- **EXERCISE BRIEF**: From the data below, return only the lines from the one with "To delete an" through the one with "po akong kilalang", exact and inclusive, with pictures left out.

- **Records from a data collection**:
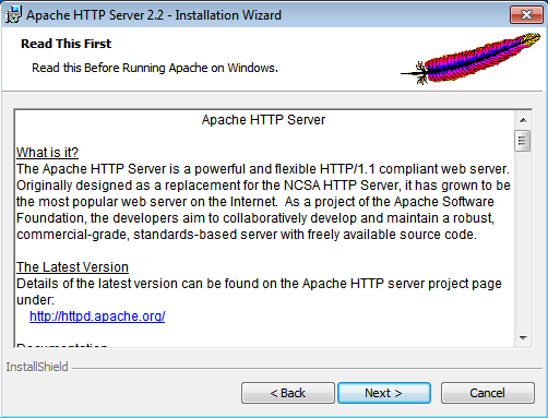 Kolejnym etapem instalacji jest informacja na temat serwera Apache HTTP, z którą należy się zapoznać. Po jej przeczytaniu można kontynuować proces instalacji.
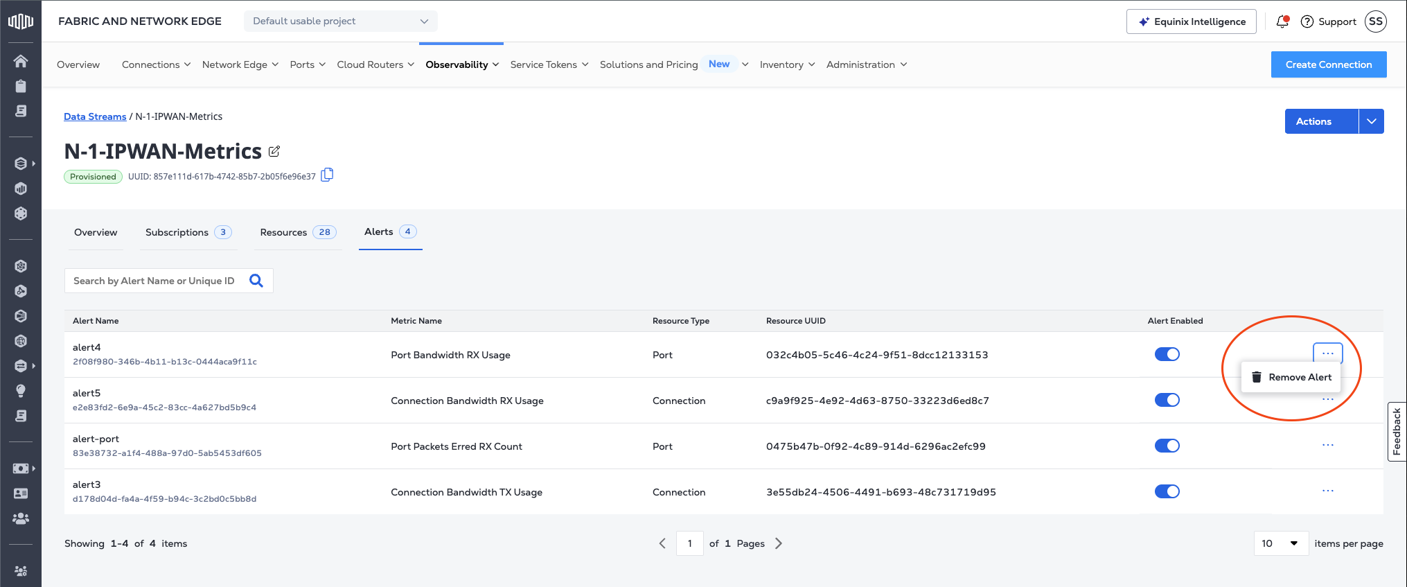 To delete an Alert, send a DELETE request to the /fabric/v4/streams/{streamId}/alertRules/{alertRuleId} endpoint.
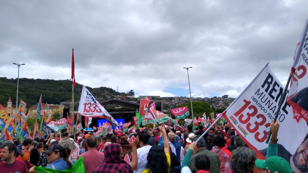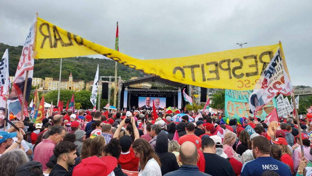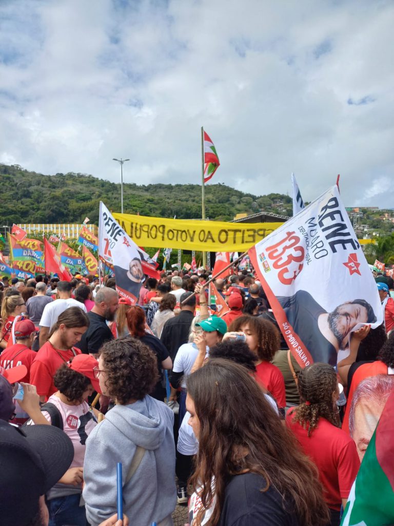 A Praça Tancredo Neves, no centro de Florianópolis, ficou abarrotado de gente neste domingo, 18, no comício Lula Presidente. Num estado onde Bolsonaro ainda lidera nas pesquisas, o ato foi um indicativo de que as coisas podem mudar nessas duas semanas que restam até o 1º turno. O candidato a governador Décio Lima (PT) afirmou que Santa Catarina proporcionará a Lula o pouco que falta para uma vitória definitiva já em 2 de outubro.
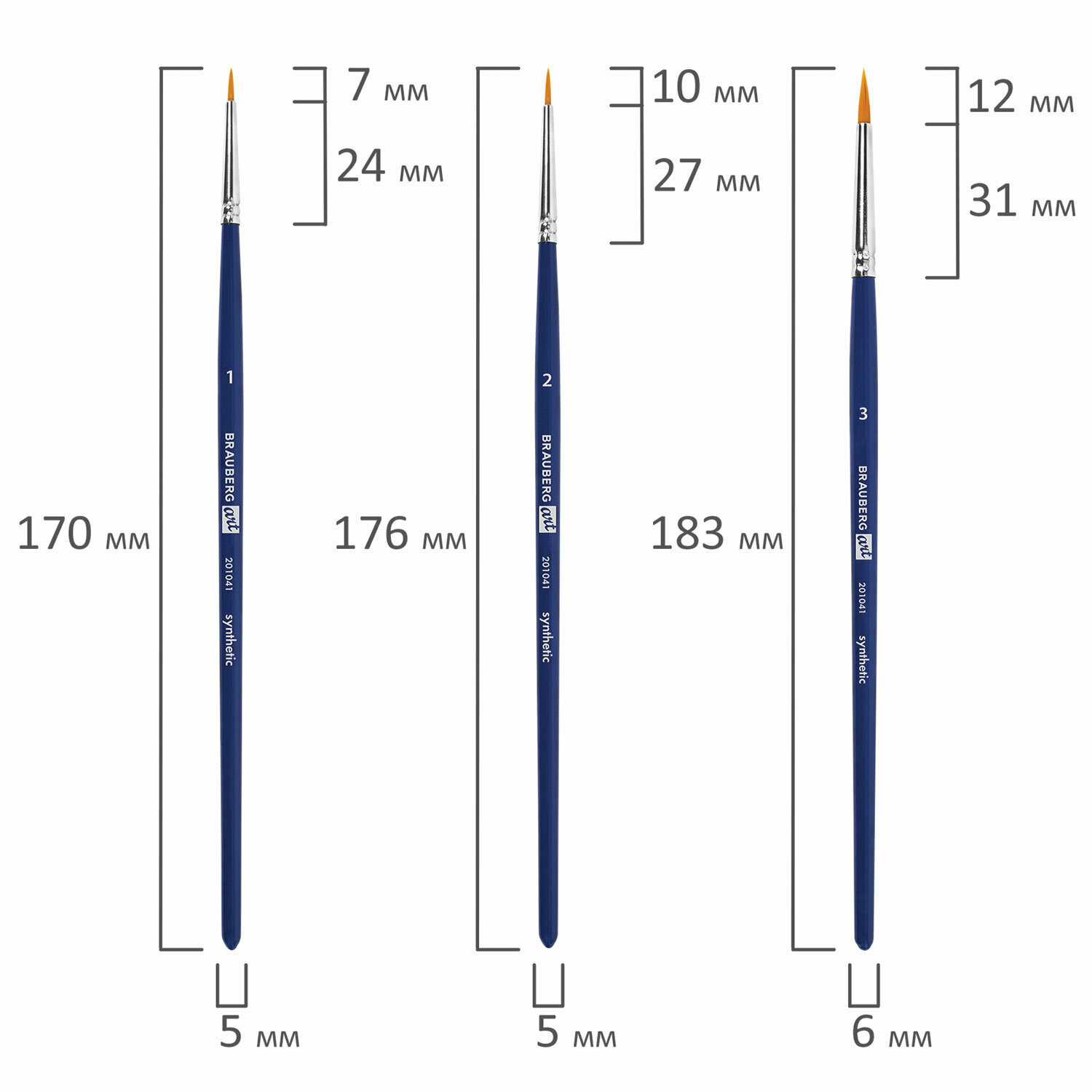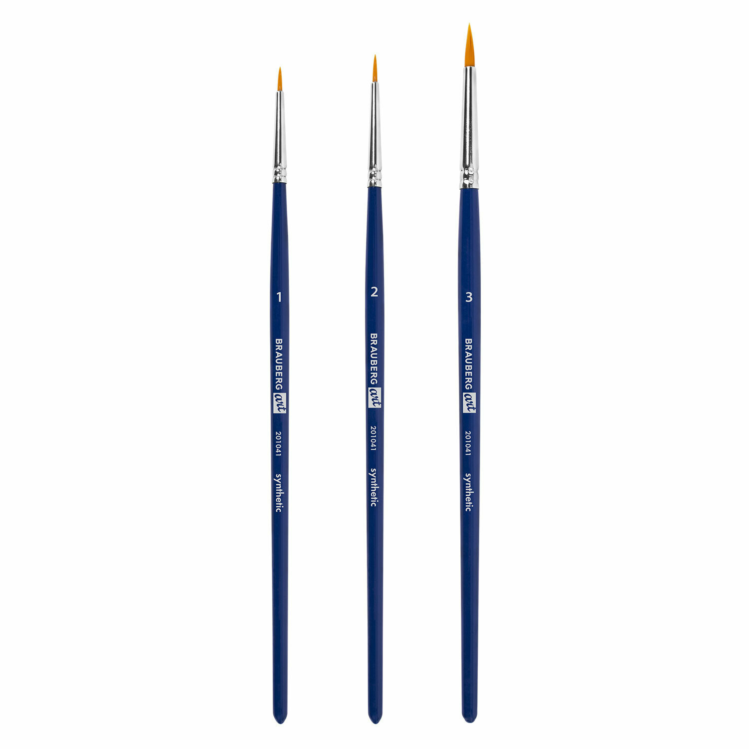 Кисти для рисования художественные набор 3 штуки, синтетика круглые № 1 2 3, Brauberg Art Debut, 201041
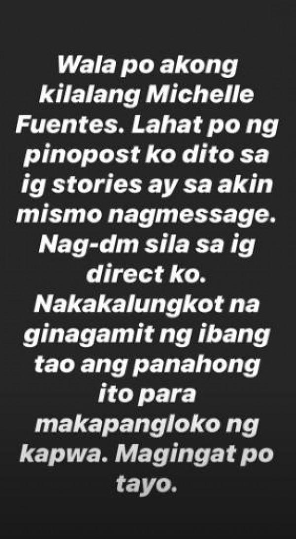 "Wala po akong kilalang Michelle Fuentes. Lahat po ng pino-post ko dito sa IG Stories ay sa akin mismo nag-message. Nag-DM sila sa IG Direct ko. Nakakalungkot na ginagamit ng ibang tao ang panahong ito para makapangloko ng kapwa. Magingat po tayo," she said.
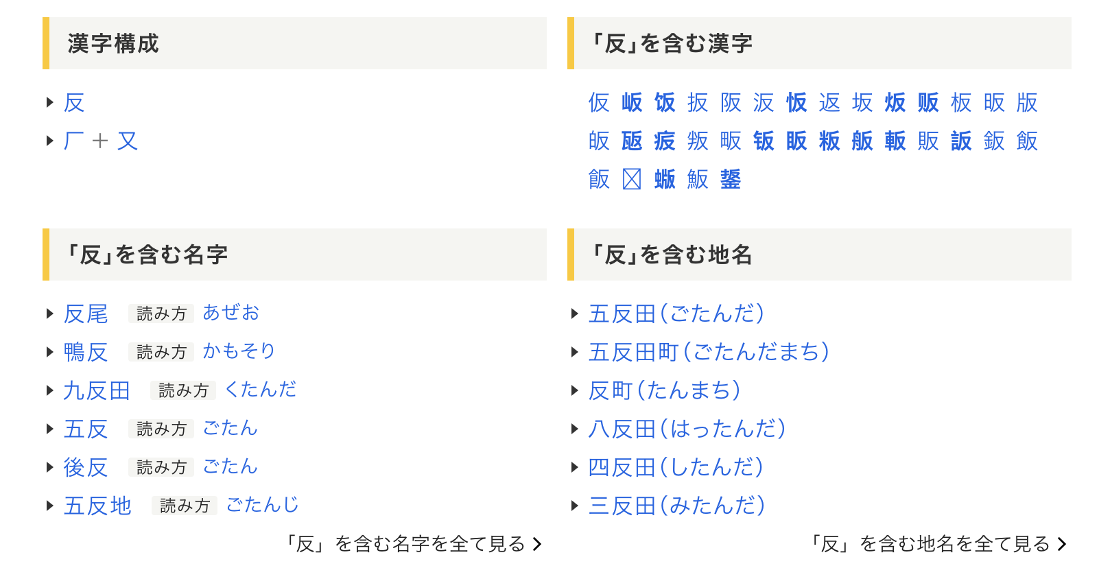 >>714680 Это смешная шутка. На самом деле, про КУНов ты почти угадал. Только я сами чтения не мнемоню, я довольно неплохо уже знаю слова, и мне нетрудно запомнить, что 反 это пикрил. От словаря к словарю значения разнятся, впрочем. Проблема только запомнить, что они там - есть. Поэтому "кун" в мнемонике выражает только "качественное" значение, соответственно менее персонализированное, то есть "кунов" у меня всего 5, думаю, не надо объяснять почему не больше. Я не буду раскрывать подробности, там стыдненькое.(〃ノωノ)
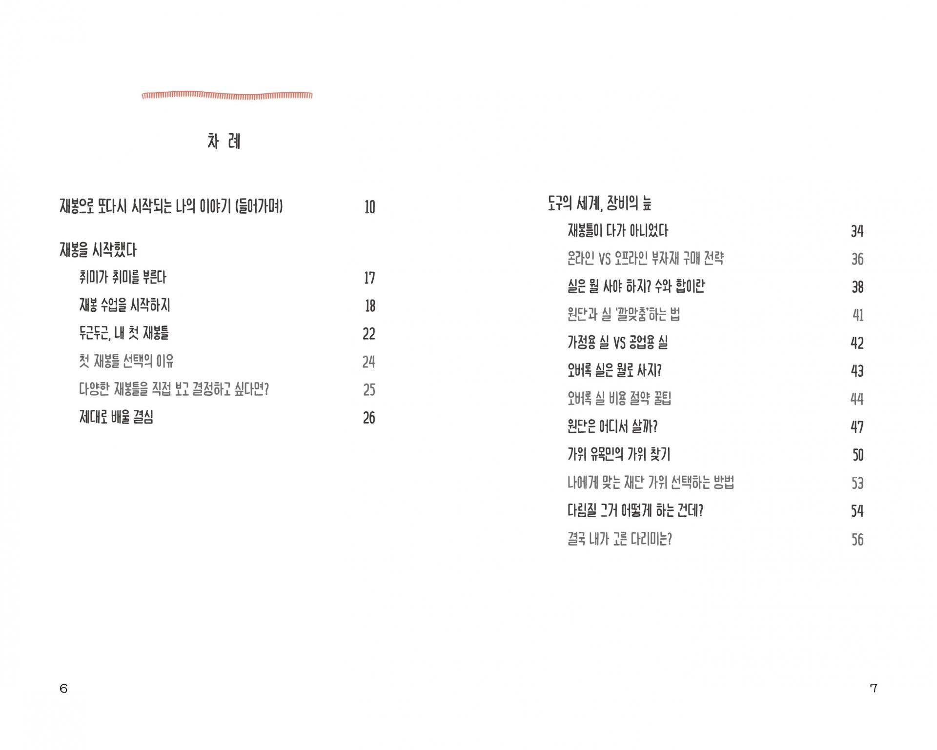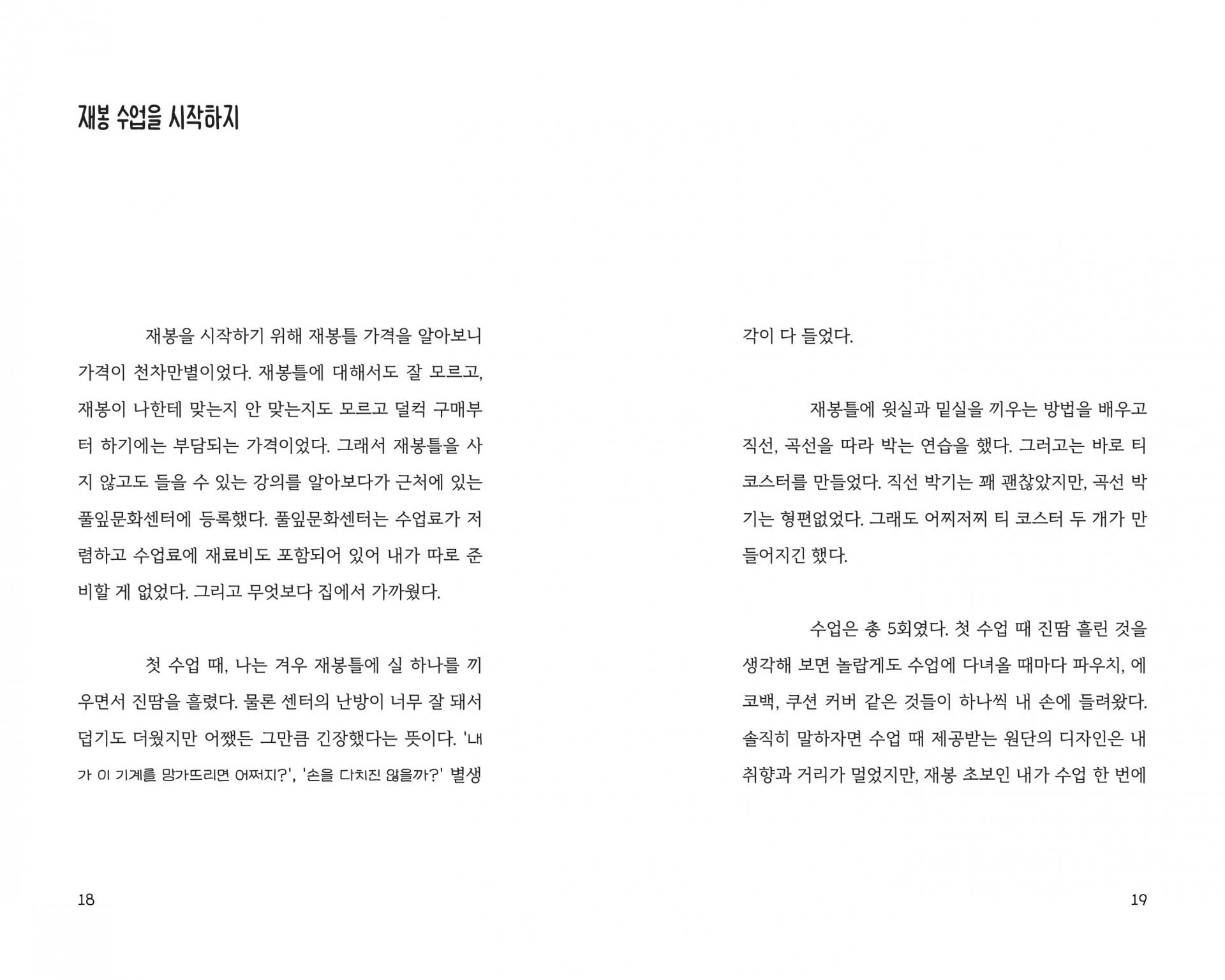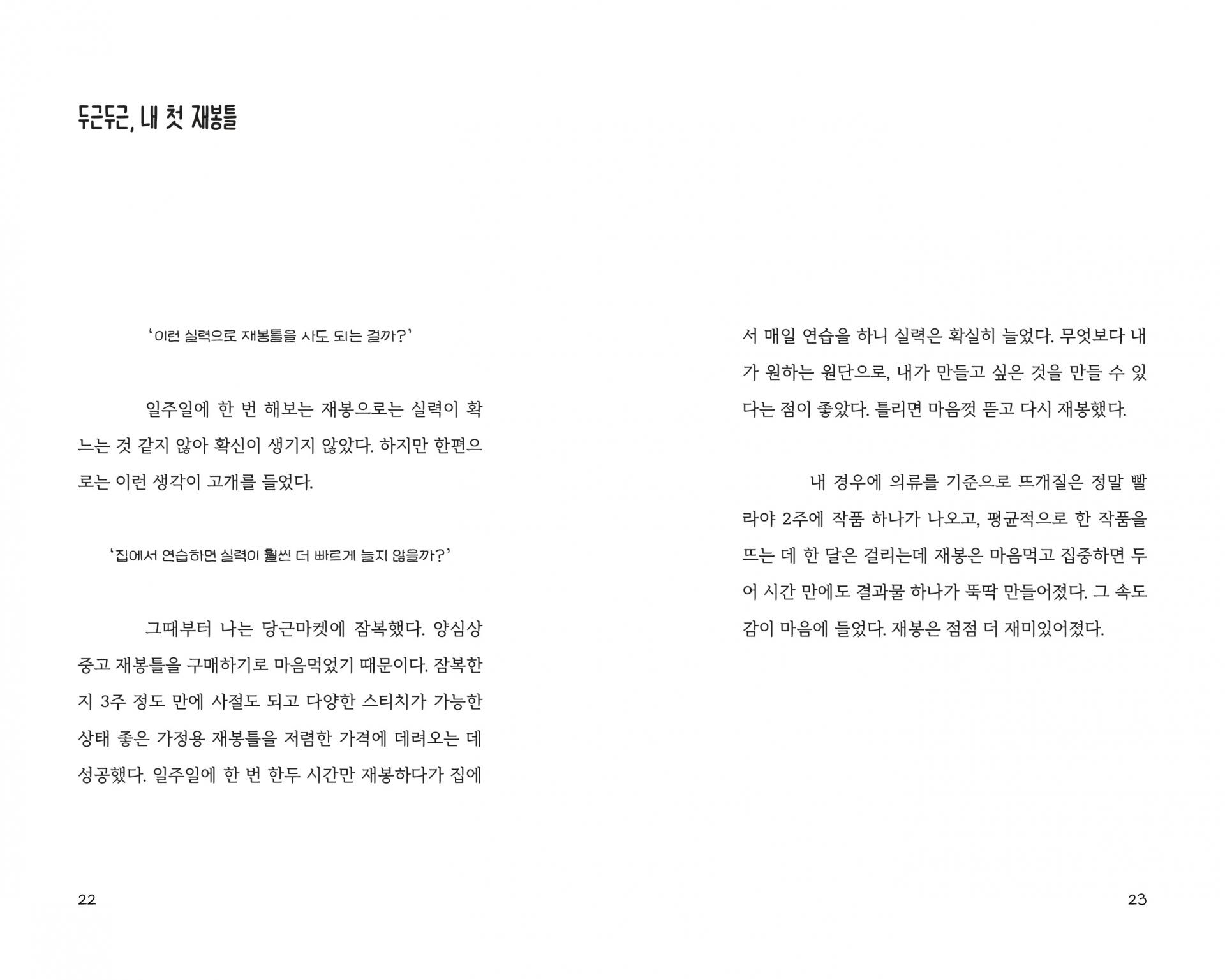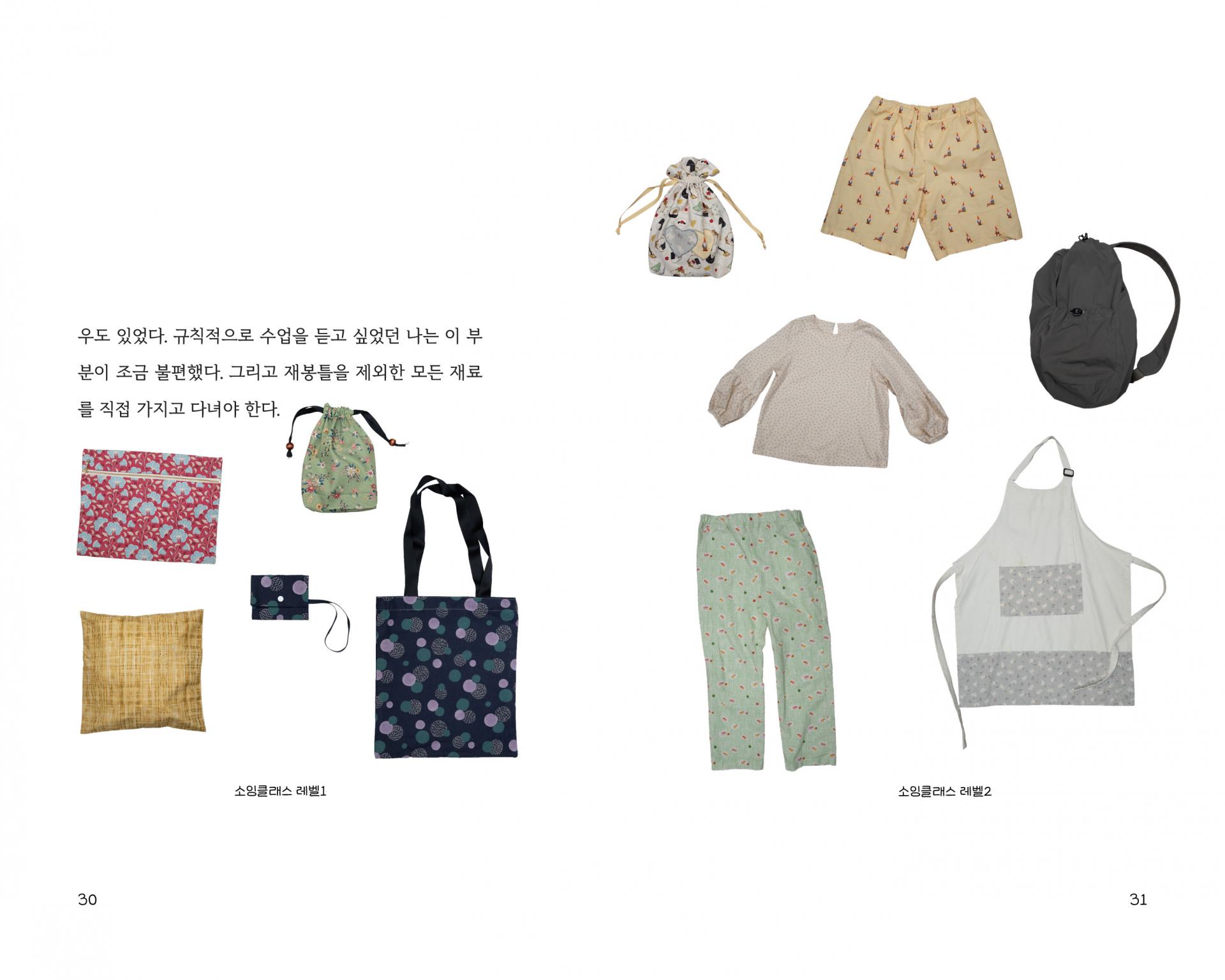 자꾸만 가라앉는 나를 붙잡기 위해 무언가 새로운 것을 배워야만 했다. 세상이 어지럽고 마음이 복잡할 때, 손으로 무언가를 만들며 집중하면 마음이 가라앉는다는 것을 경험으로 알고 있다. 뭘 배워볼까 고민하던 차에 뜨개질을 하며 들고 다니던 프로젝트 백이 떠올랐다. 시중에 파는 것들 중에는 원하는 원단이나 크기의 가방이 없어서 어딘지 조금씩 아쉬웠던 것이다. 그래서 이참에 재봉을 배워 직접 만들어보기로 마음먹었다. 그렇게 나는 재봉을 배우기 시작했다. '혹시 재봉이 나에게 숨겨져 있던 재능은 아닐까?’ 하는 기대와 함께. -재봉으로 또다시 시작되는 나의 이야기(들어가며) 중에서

- **WRITTEN RESPONSE**:
 To delete an Alert, send a DELETE request to the /fabric/v4/streams/{streamId}/alertRules/{alertRuleId} endpoint.
 A Praça Tancredo Neves, no centro de Florianópolis, ficou abarrotado de gente neste domingo, 18, no comício Lula Presidente. Num estado onde Bolsonaro ainda lidera nas pesquisas, o ato foi um indicativo de que as coisas podem mudar nessas duas semanas que restam até o 1º turno. O candidato a governador Décio Lima (PT) afirmou que Santa Catarina proporcionará a Lula o pouco que falta para uma vitória definitiva já em 2 de outubro.
 Кисти для рисования художественные набор 3 штуки, синтетика круглые № 1 2 3, Brauberg Art Debut, 201041
 "Wala po akong kilalang Michelle Fuentes. Lahat po ng pino-post ko dito sa IG Stories ay sa akin mismo nag-message. Nag-DM sila sa IG Direct ko. Nakakalungkot na ginagamit ng ibang tao ang panahong ito para makapangloko ng kapwa. Magingat po tayo," she said.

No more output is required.